E li ritrovo qui, i segni del lavoro stentato, massacrante, della gente dei campi, di tutti gli emarginati travolti dallo sviluppo che non è mai progresso.

Sono rimasti qui i segni delle pene che mia madre ha sofferto chinata sulla Singer, ad orlare, a imbastire, cucire, ricamare gli abiti da signora che non avrebbe mai sognato di indossare.

E lo ritrovo qui, tutto il lavoro nero di mille camiciaie, sartine ed orlatrici che lasciano ogni giorno la vista, la salute, la vita sulla Singer che ingrassa il padrone. Sono rimasti qui i segni del terrore della mia sorellina, la serva del padrone, quando per distrazione rompeva qualche cosa, curva negli umilianti lavori più pesanti, che nessuna signora si degnava di fare.

E lo ritrovo qui il lavoro affannoso, misero, mal pagato di tutte le Colf, etichetta industriale che non riesce a coprire la realtà di un mondo emarginato, povero, subalterno. Sono rimasti qui i segni della rabbia del mio compagno Pablo che i neri falcidiarono per averlo sorpreso ad attaccare al muro un foglio sovversivo, di lotta, bolscevico. E li ritrovo qui i mille manifesti stesi col pennarello, nell'ultima assemblea nella scuola occupata, nella fabbrica chiusa, ed attaccati al muro, di notte, dai compagni, per ricordare a tutti che la lotta continua.

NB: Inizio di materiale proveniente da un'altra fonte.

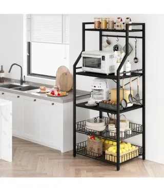 Estantería de cocina con un diseño moderno y funcional. Ideal para organizar tus utensilios y electrodomésticos. - Estructura principal en metal negro. - Superficies de madera color negra. - Múltiples niveles de almacenamiento. - Incluye ganchos laterales para colgar.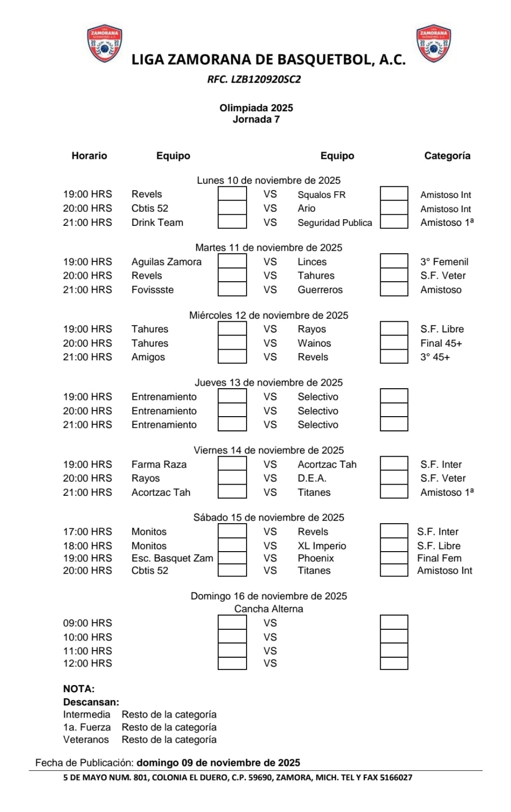 Rol de Juegos Academia de Baloncesto Tangancícuaro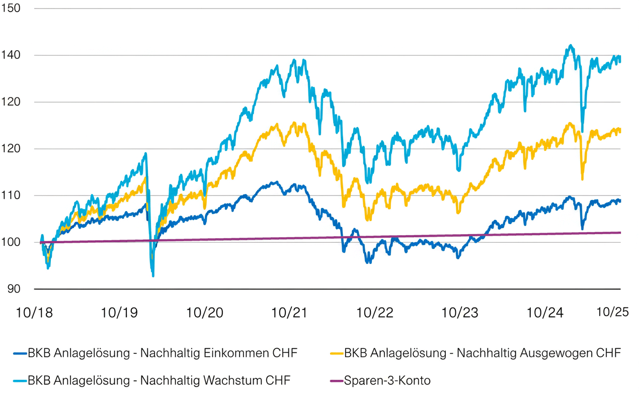 Bei der Beurteilung Ihres Anlagehorizontes und der richtigen Anlagestrategie (z.B. mit unseren Anlagelösungen) sollten Sie den Verwendungszweck Ihres Vorsorgeguthabens berücksichtigen. So beispielsweise einen allenfalls vorzeitigen Bezug zum Bau oder Erwerb von selbstgenutztem Wohneigentum oder eine Verwendung für den Schritt in die Selbstständigkeit. Denn hierzu können sie Ihr Vorsorgegeld grundsätzlich auch vorzeitig beziehen, auch wenn es eher nicht empfehlenswert ist. Sprich: Wer keinen langen Anlagehorizont zur Verfügung hat, bis sich allfällige Kursschwankungen wieder ausgleichen, ist mit einem Produkt mit einem geringeren Aktienanteil und stattdessen mehr Obligationen besser beraten (z.B. Nachhaltig Einkommen oder Nachhaltig Ausgewogen statt Nachhaltig Wachstum.) Ein klassisches Vorsorgekonto (Sparen-3-Konto) ist dabei die Basis für Ihre Vorsorge mit Wertschriften.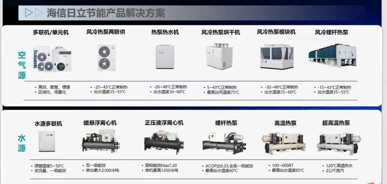 随后,详细介绍了海信日立的节能产品解决方案,重点分析了螺杆式85℃中温热泵机组和螺杆式120℃高温热泵机组的特点和优势。

Sono rimasti qui I segni delle ore che passavo sui libri a consumarmi gli occhi per conoscere il mondo, per comprendere gli uomini, per conquistarmi un posto nella lotta di classe, con tutta la forza del mondo contadino da mettere al servizio della nuova conoscenza. Ritrovo qui dentro l'amara solitudine delle serate vuote passate al tavolino a pensare a noi tutti, al mio destino d'uomo, davanti a un solitario che non finiva mai, perché non accettavo che potesse finire.

Ritrovo anche la rabbia, quella feroce, cieca, ineffabile, ottusa che ti spinge a spaccare quel che ti sta davanti, anche se sai che in fondo non è servito a niente. Ritrovo l'impotenza di chi cerca una retta precisa, un cerchio perfetto (forse quello di Giotto?) dal colore uniforme, dalla linea pulita, dal segno ben marcato, che realizzi intera la mia vena d'«artista».

Ritrovo qui le cose pensate e mai dette, per vergogna, per incapacità, per timore di sbagliare, per impotenza atavica e congenita.

E non è un monumento perenne come il bronzo, bello come l'argento, quel che mi sta davanti.

Sono i frammenti della mia vita, della vita di tutti, quella che va vissuta, nelle sue realtà, nei suoi dolori, nelle sue lotte.